Mud chickens that is. For the last three days we have been receiving water from the sky. A very unlikely event for 2011. We normally will have over 34 inches of rain by this time each year. This year we have 11 inches to date and about an inch of that fell in the last three days.
We have become grudgingly accustomed to this year. In addition to the lack of rain there has been many days of over 100 degree temperatures so that by now, when it is only in the mid to upper nineties, it feels relatively cool. We have altered our lives to the extent that we water our struggling vegetable garden every single day. We do this in spite of a water ban because of a happy little loophole in that ban.
If you water with a sprinkler system, you are relegated to watering only two days a week and those days are specified by whether your house address ends in an even or odd number. The ban also requires you to water at certain very inconvenient times, basically from sundown to sunup. The loophole is that you can water to your hearts content any day of the week and at any time if you hold the hose. Now that is already our basic way of watering because it is much more efficient and effective than using a sprinkler. If we were watering our vegetable plants with a sprinkler we would have either 1. dead plants because we would not be getting enough water to the plants we want to cherish and instead be watering the entire yard, or 2. have a water bill that pushes into four figures a month. So the ban has not actually limited our watering of the plants.

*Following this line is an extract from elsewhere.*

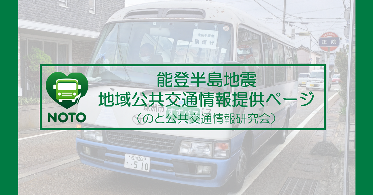このページでは、能登半島の復旧・復興に合わせ日々刻々と変化する能登地域の鉄道・バスの運行情報を一覧にしたまとめWebサイトです。鉄道・バスの運行情報を提供することで、復興への一助になればと思い開設しました。

The plants have shown their appreciation of this by dying by degrees instead of all at once. The attrition level continues to climb as these poor plants, faced with a pitiless cloud free sun and temperatures more suited to cooking decide it is just not worth it and finally expire. Others valiantly struggle onward. The attrition has been worse on the cucumbers. My husband has been nurturing and coddling these guys with cleverly placed shade cloths that he must remove at sunrise so they can get some sun but recover by noon or they just fry away. If we get even one cucumber this fall it will be due to his undying cucumber loyalty.
In the beginning of September the 100 degree plus hatred of the Mega-Summer relented for about a week and we had temperatures in the 60s at night and 80s in the day. The effect on everyone was transformative. Unfortunately that kind of weather is so foreign to this part of the world it quickly continued its journey to its actual home somewhere far, far from here, but it did the job. Mega-Summer was vanquished and although our temperatures have crept back into Summer realms, the waning daylight has effectively nixed any more of those 109 degree days.
And then it rained. It wasn't just me who upon hearing the rain became startled and confused (what is that sound???) others reported the same. I had to actually walk out into a pelting shower in order to seek the long forgotten umbrella somewhere hidden in my car. It was raining - oh joy!!!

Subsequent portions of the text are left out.